In 2014, Pipeline Angels provided Melissa Hanna with her first pitch experience. The Angels gave her feedback and mentoring, and one investor Karen Bairley Kruger, believed in what she was doing. Her first check came in 2015, for $20,000.
Hanna says that she credits people like Oberti Noguera and Backstage Capital founder Arlan Hamilton in particular, for the communities they have built as being one of the reasons that she was able to get funding over time for Mahmee. To date, Mahmee has raised $1 million from Cross Culture Ventures, The Helm, Acumen America, and Backstage Capital, with participation from Pipeline Angels and other angel investors.
“[Oberti Noguera and Hamilton have done] the work to explain to people these founders can drive real dollars, have billion-dollar ideas and have had to struggle and bootstrap for longer than other more stereotypical tech founders, so they’re even better at managing the business,” said Hanna. “I know how to keep costs down in a way that many founders who got checks within months of launching an app don’t know how to do. I’ve had to manage our books down to the dollars and cents to make sure that we could stay in the game.”
Hanna says the funding she has received has in large part has come from the fact that she has been able to stay in the game, making sure to stay in touch with investors even if they couldn’t quite see the potential the first time she was in the room.
Marlon Nichols, Jennifer Richard’s boss at Cross Culture, is another investor that Hanna credits as being integral to the success of her company on the fundraising side. When she first pitched him in the summer of 2016, but the company wasn’t ready for the types of investments Cross Culture makes. But she stayed in contact because she felt that the firm truly understood where she was coming from.

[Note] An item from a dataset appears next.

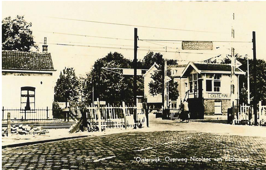
Oisterwijk, Overweg Nicolaas van Heststraat

Achter de hoven der huizen ten noorden van de Linde en ten westen van de Karkhovensestraat (aldaar tegenwoordig Johannes Lenartzsstraat geheten) strekte zich De Dorenakker uit, een groot stuk land. Oorspronkelijk lijkt die eigendom te zijn geweest van de Luppechts. Als gevolg van het erfrecht ten aanzien van vrij-eigen goed is de Dorenakker evenwel in het begin van de 15 e eeuw al versnipperd. We spreken nu over de zuidoostelijke hoek van de Dorenakker. Die lag ten noorden van een pad dat tegenwoordig aan de westelijke zijde van de Johannes Lenartzsstraat ternauwernood meer is te ontwaren, namelijk tussen een rij ver op het stoeppad uitspringende huisjes en een nieuwer pand, waarin kapsalon Vugs was gevestigd.

“What it came down to was not vision, not candidacy, not viability or value. It came down to technical capacity,” Hanna said. The investors told her that if she wanted to achieve her goal of taking care of millions of moms and babies around the country and meeting that revenue potential, she needed a CTO to help get her there. “At that moment, all I heard was, ‘We’re not giving you money right now,’” she said. “It was a tough day. But it was really salient advice.”
That was mid-2016. Shortly thereafter, she met Walia, who helped her get her products to the point that they needed to be. In 2017, she got back in touch to update Cross Culture and let its investors know that their feedback had helped. Though she hadn’t pitched or asked for money, Nichols wrote her a check for a substantial portion of the pre-seed round that Hanna closed in February 2018.
Hanna said that it was getting in front of people who would advocate for her company and take her idea seriously that made all the difference. It gave her confidence that she could truly grow the company to great heights. And she said this experience has effectively changed how she approached fundraising. “Now I know what it feels like to have really great investors. So, I’m not going to settle for anything less,” she said. “I get to pick now. And I’m going to pick allies.”